StockFetcher Forums · Filter Exchange · PORTFOLIO SELECTION AND MANAGEMENT USING RISK/REWARD RATIOS<< 1 ... 4 5 6 7 8 ... 65 >>Post Follow-up
davesaint86
726 posts
msg #92112
Ignore davesaint86
5/5/2010 11:20:49 AM

I can move in and out of my 401k fund selections every 15 days and my wife's is every 30 days.

Dave

Kevin_in_GA
4,599 posts
msg #92114
Ignore Kevin_in_GA
5/5/2010 11:25:28 AM

I can rebalance mine at any time or frequency (at least as far as I know). To date I have not done it more than once a quarter, so I may be under some restrictions that I simply haven't violated yet.
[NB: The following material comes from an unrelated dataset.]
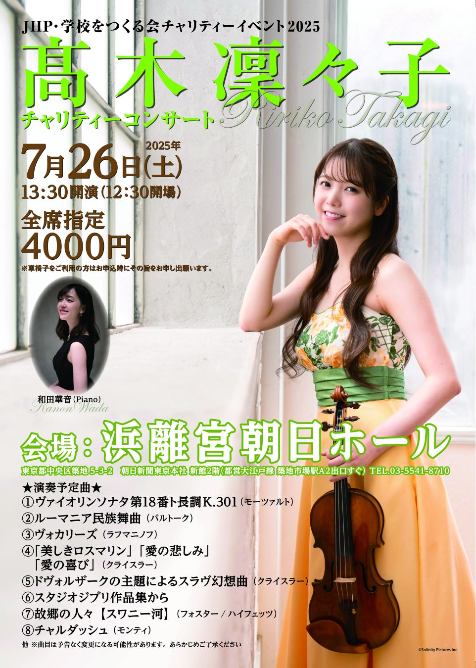 JHP・学校をつくる会(正式名称:特定非営利活動法人JHP・学校をつくる会)は、チャリティーイベントとして、7月26日(土)浜離宮朝日ホールにて、「髙木凜々子チャリティコンサート」を開催いたします。

That being said, the idea is sound, and can be used in any trading account. ETFReplay.com has shown that of the three frequencies for rebalancing, monthly consistently wins but quarterly usually is not that far behind.

Kevin_in_GA
4,599 posts
msg #92115
Ignore Kevin_in_GA
5/5/2010 11:27:16 AM

My interest is obviously different, I live in Europe, so I'm looking more for a strategy that is low time consuming for a larger portfolio .....
++++++

The size of the portfolio, or the number of stocks? You should only have as many stocks as you need to meet your financial objectives, no more. If you can meet them with once a month rotation between 3-6 stocks, why make it more complicated?

cwn6161
40 posts
msg #92123
Ignore cwn6161
5/5/2010 12:45:10 PM

Just to double check Kevin, on the last trading day of the month, you will run the filter to see for a new #1 ETF. If the ETF is the same, you stay in it. If it's different, you sell your old ETF and buy the new ETF, all on the last trading day. Is this correct?

Kevin_in_GA
4,599 posts
msg #92124
Ignore Kevin_in_GA
5/5/2010 12:58:10 PM

Yes, that is correct. A very simple approach that has consistently beaten the market over the past seven years.

davesaint86
726 posts
msg #92125
Ignore davesaint86
5/5/2010 1:05:15 PM

I just want to check Kevin you would still buy the highest Alpha ETF even if it look's like we are turning into a downtrend. We can use May 1st for example. This is why I posted your old filter it seems like another indicator is needed. You can see that your old filter I posted is showing sell signals on the highest Alpha ETFs.

Thanks,

Dave

Kevin_in_GA
4,599 posts
msg #92126
Ignore Kevin_in_GA
5/5/2010 1:14:24 PM

just want to check Kevin you would still buy the highest Alpha ETF even if it look's like we are turning into a downtrend. We can use May 1st for example. This is why I posted your old filter it seems like another indicator is needed. You can see that your old filter I posted is showing sell signals on the highest Alpha ETFs.

Thanks,

Dave
+++++++++++++++++

These two filters can both be correct, but on different timeframes. The 401k filter (for lack of a better term) is designed to show relative strength of a given ETF over a 1-month and 3-month timefame. The purely price filter simply uses a prior low as a sell trigger - if the current price drops below the lowest prior low over a specific time period, you sell. One can use these in conjunction, but then this new combination would need to be backtested again to see if the additional indicators made any real contribution over the original filter.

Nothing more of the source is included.